In [None]:
# tensorflow 用于ASR的CNN模型代码解读

# 构建CNN模型
class CNNConfig():
    # 网络结构
    filter_sizes = [2, 3, 4, 5] # 卷积核尺寸
    num_filters = 64  # 卷积核维度
    hidden_dim = 256

    # 训练过程
    learning_rate = 0.01
    num_epochs = 100
    batch_size = 256
    dropout_keep_prob = 0.5
    print_per_batch = 100       # 每100次batch迭代，打印训练信息
    save_tb_per_batch = 200
    
class ASRCNN(object):
    def __init__(self, config, width, height, num_classes):  # 20,100
        self.config = config
        # 训练过程
        # 给输入语音特征分配空间
        self.input_x = tf.placeholder(tf.float32, [None, width, height], name='input_x')
        self.input_y = tf.placeholder(tf.float32, [None, num_classes], name='input_y')
        self.keep_prob = tf.placeholder(tf.float32, name='keep_prob')

        # 对输入特征维度调整 由[0,1,2] 转置 [0,2,1]
        input_x = tf.transpose(self.input_x, [0, 2, 1])
        pooled_outputs = []

        # 对输入特征卷积操作
        for i, filter_size in enumerate(self.config.filter_sizes):
            # 从config读入参数
            with tf.name_scope("conv-maxpool-%s" % filter_size): # 给操作名加前缀 conv-maxpool
                # 卷积操作
                conv = tf.layers.conv1d(input_x, self.config.num_filters, filter_size, activation=tf.nn.relu)
                # 池化操作
                pooled = tf.reduce_max(conv, reduction_indices=[1])
                # 池化结果保存
                pooled_outputs.append(pooled)
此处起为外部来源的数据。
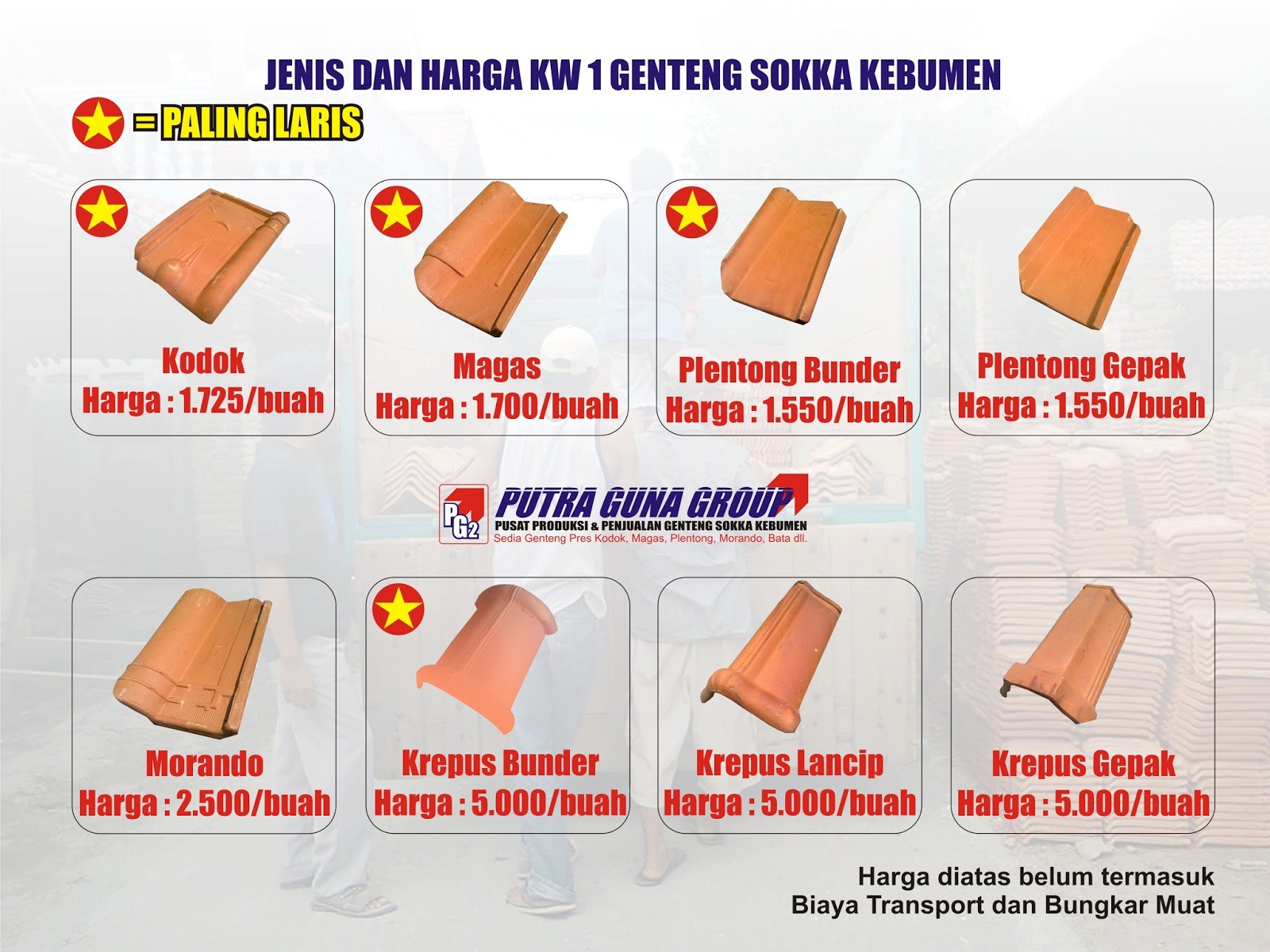 Harga genteng sokka asli kebumen murah.
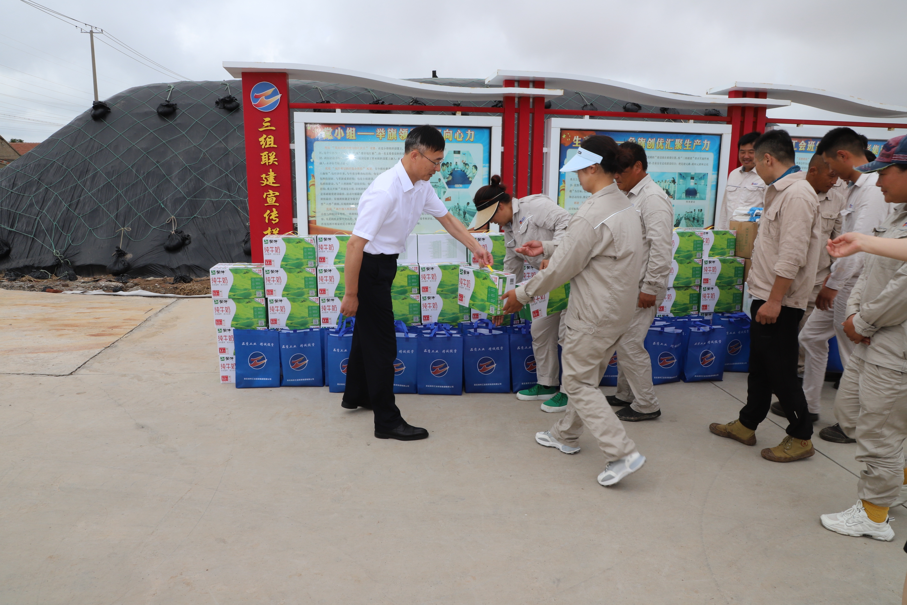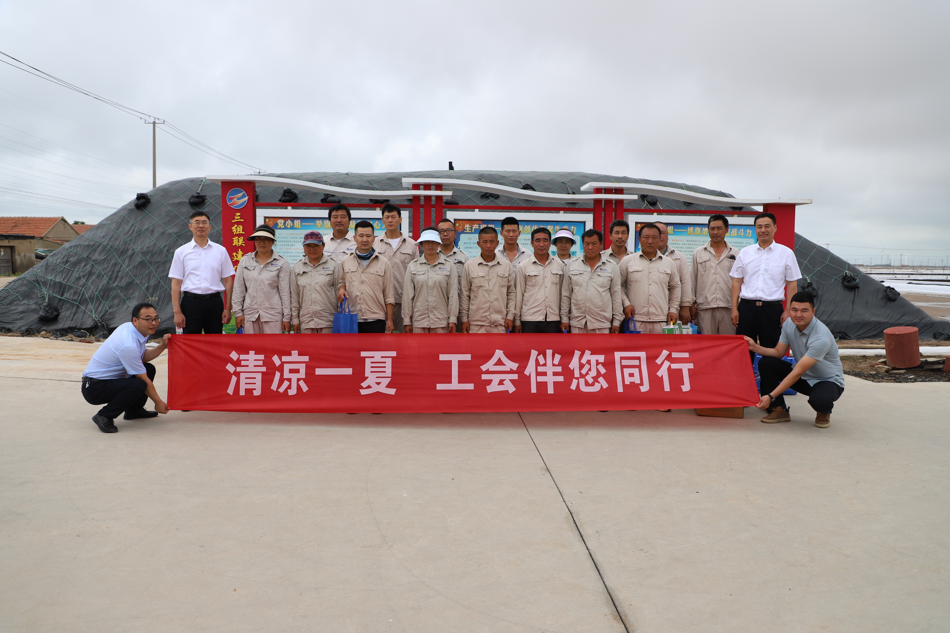 “高溫天氣,大伙兒一定要注意勞逸結(jié)合?!薄案兄x大家的辛勤付出,這些防暑物品僅是我們的一點(diǎn)心意?!睆埩忠恍衼?lái)到日曬制鹽新河分公司八班灘頭,為他們送去綠豆、白糖等慰問(wèn)品。一聲問(wèn)候、幾句家常,緩解了鹽工們的疲憊,讓他們感受到了實(shí)實(shí)在在的溫暖。

        num_filters_total = self.config.num_filters * len(self.config.filter_sizes)  # 64*4 (卷积核维度 * 卷积操作数)
        # tf.concat : 将每次卷积-池化的结果拼接 4次, 每次64维, 共256维
        pooled_reshape = tf.reshape(tf.concat(pooled_outputs, 1), [-1, num_filters_total])  # 将4次池化后的特征合并
        # 将256维特征全连接
        fc = tf.layers.dense(pooled_reshape, self.config.hidden_dim, activation=tf.nn.relu, name='fc1')
        # 随机丢弃神经元, keep_prob:为每个神经元的保留概率
        fc = tf.nn.dropout(fc, self.keep_prob)

        # 分类器
        self.logits = tf.layers.dense(fc, num_classes, name='fc2') # 用于分类的网络层，尺寸:[fc, classes]
        self.y_pred_cls = tf.argmax(tf.nn.softmax(self.logits), 1, name="pred")  # 预测类别
        # 损失函数，交叉熵
        cross_entropy = tf.nn.softmax_cross_entropy_with_logits(logits=self.logits, labels=self.input_y)
        self.loss = tf.reduce_mean(cross_entropy)
        # 优化器
        self.optim = tf.train.AdamOptimizer(learning_rate=self.config.learning_rate).minimize(self.loss)
        # 准确率
        correct_pred = tf.equal(tf.argmax(self.input_y, 1), self.y_pred_cls)
        self.acc = tf.reduce_mean(tf.cast(correct_pred, tf.float32))
       
# 根据batch_size组合特征与标签
def batch_iter(features, labels, batch_size):
    '''
    一个一个batch地生成训练数据
    '''
    assert len(features) == len(labels), \
            "feature and label size do not match!"
    for i in range(int(len(features) / batch_size)):
        begin = i * batch_size
        end = (i + 1) * batch_size
        yield features[begin : end], labels[begin : end]

# 模型保存路径
path = '/tmp/cnn_model'
if os.path.isdir(path):
    pass
else:
    os.mkdir(path)

# 训练CNN模型
width = 20  # mfcc features
height = 100  # (max) length of utterance
classes = 10  # digits

config = CNNConfig
cnn = ASRCNN(config, width, height, classes)
session = tf.Session()
session.run(tf.global_variables_initializer())
saver = tf.train.Saver(tf.global_variables())
checkpoint_path = os.path.join(path+'/', 'model.ckpt')
print(checkpoint_path)

tf.summary.scalar("loss", cnn.loss)
tf.summary.scalar("accuracy", cnn.acc)
merged_summary = tf.summary.merge_all()

total_batch = 0
for epoch in range(config.num_epochs):
    print('Epoch:', epoch + 1)
    batch_train = batch_iter(train_features, train_labels, config.batch_size)
    for x_batch, y_batch in batch_train:

        total_batch += 1

        # 训练一个batch
        train_feed_dict = {
                cnn.input_x: x_batch,
                cnn.input_y: y_batch,
                cnn.keep_prob: config.dropout_keep_prob
                }

        session.run(cnn.optim, feed_dict=train_feed_dict)

        # 检查loss以及acc
        if total_batch % config.print_per_batch == 0:
            # 检查训练的batch的loss以及acc
            train_loss, train_accuracy = session.run(
                    [cnn.loss, cnn.acc], feed_dict=train_feed_dict)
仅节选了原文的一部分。